In the second quarter Verizon added 303,000 net FIOS Internet customers and 300,000 FIOS Television customers. As with AT&T’s iPhone customers, these are heavy data users who rack up bigger bills than the company’s average land line or wireless customer. On average FIOS customers pay a monthly bill of $135, about twice the bill for the average Verizon customer.
If AT&T’s cost for being an iPhone cannibal is the huge $325 a phone subsidy to Apple, Verizon’s is the bill for building out the optical fiber network that will enable the company to get FIOS into homes and offices. The company is spending $23 billion this year and next to install fiber-optic cable. (One beneficiary of that build out is Jubak Picks 50 stock Corning (GLW) See my July 29 update.)
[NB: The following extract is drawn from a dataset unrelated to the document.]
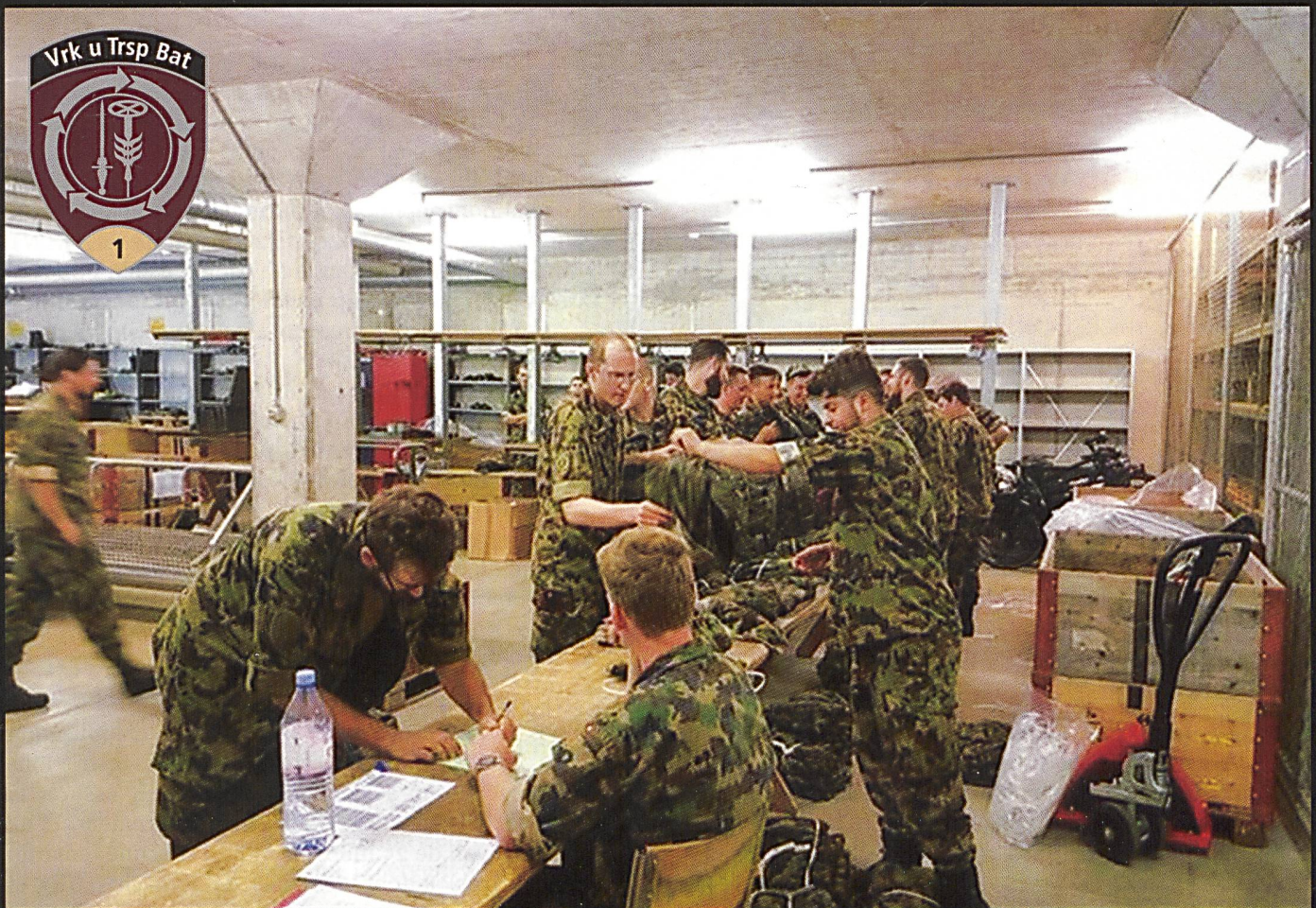
Le bataillon de circulation et transport 1 (VT Bat 1) appuie la Base logistique de l'armée ainsi que les autorités civiles dans le cadre d'engagements subsidiaires. Ce corps de troupe à disponibilité élevée peut être mobilisé rapidement. Il a été engagé notamment pour l'appui de la Fête de la lutte à Estavayer, durant son cours de répétition en été 2016.

How does an investor pick between these two cannibals?
On current results, there’s not much that separates the two strategies. Wireless revenue at both companies (once you adjust for Verizon’s acquisition of Alltel) was about 9%.
In the intermediate run—say in an economy rebounding from the Great Recession—I’d give the edge to AT&T. The company’s network offers the best integration of land line and wireless services for business customers and I think AT&T is therefore more leveraged to a rebound in corporate business.
In that same intermediate period, however, much will depend on what happens when AT&T’s deal to be the exclusive seller of Apple’s iPhone ends in 2010. Will the two companies renew? What will be the terms? Will Apple add Verizon to make it a sell-a-trois?
In the longer term, however, I give a nod to Verizon’s strategy. The company is building a whole new heavy data, fiber to the user, Internet and video network on the bones of its current landline business.
In the long-run, in my opinion, the race goes to the bravest cannibal.